Assessment of Plasma B2-Microglobulin among Sudanese with Type 2 Diabetes Mellitus
Dr. Badreldien Hassan Elabid, Dr. Samia Mahadi Ahmed, Noon Babiker Mohammed Ahmed

Background: Diabetic nephropathy cause gradual renal impairment that may end stage renal failure. In glomerular kidney disease, the glomeruli can't filter B2-microglobulin out of the blood, so levels increase in the blood and decrease in the urine. In tubular kidney disease, the tubules can't reabsorb it back into the blood, so urine levels rise and blood levels fall. Objectives: To assess the plasma levels of B2-microglobulin, creatinine clearance, blood HbA1C% and body mass index in Sudanese patient with type 2 diabetes. Materials and methods: This is a case-control study conducted in two diabetic centers in Khartoum state, Sudan, from March 2010 to November 2013. A total of 300 Sudanese patients with type2 diabetes mellitus as a test group, and 150 healthy subjects as a control group were enrolled in this study. Both groups were matched for gender and age. The plasma levels of Beta2-microglobulin, blood HbA1c and plasma creatinine were measured using Nephelometry, and creatinine clearance was calculated for each participant.

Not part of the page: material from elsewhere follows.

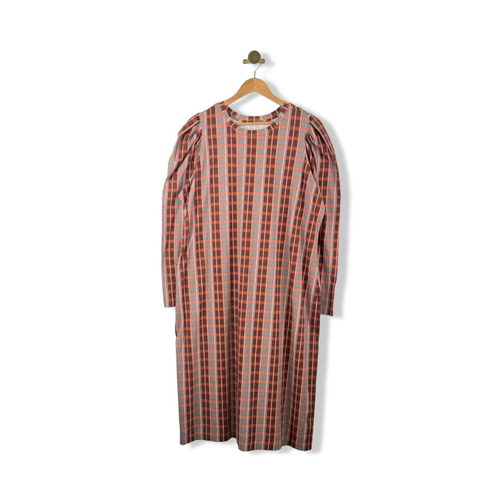 - Plaid printed puff sleave shift dress. Size not listed, Looks like size X-Large. Please check measurements.

SPSS was used for analysis of data. Results: The means of the plasma levels of Beta2-microglobulin, HbA1c% and the body mass index were significantly raised in the diabetic group when compared to the control group (p<0.05).The study showed a significant moderate inverse correlation between Beta2-microglobulin and creatinine clearance (r=-0.56,p=0.04) in the diabetic group, and also showed a significant moderate positive correlation between the plasma levels of Beta2-microglobulin and HbA1c% (r=o.50,p=0.03). Conclusion: The present data indicates that among Sudanese patients with Type 2 Diabetes Mellitus, the plasma levels of Beta2-microglobulin is significantly raised and has a significant moderate positive correlation with glycatedhaemoglubin % and a significant moderate inverse correlation with creatinine clearance.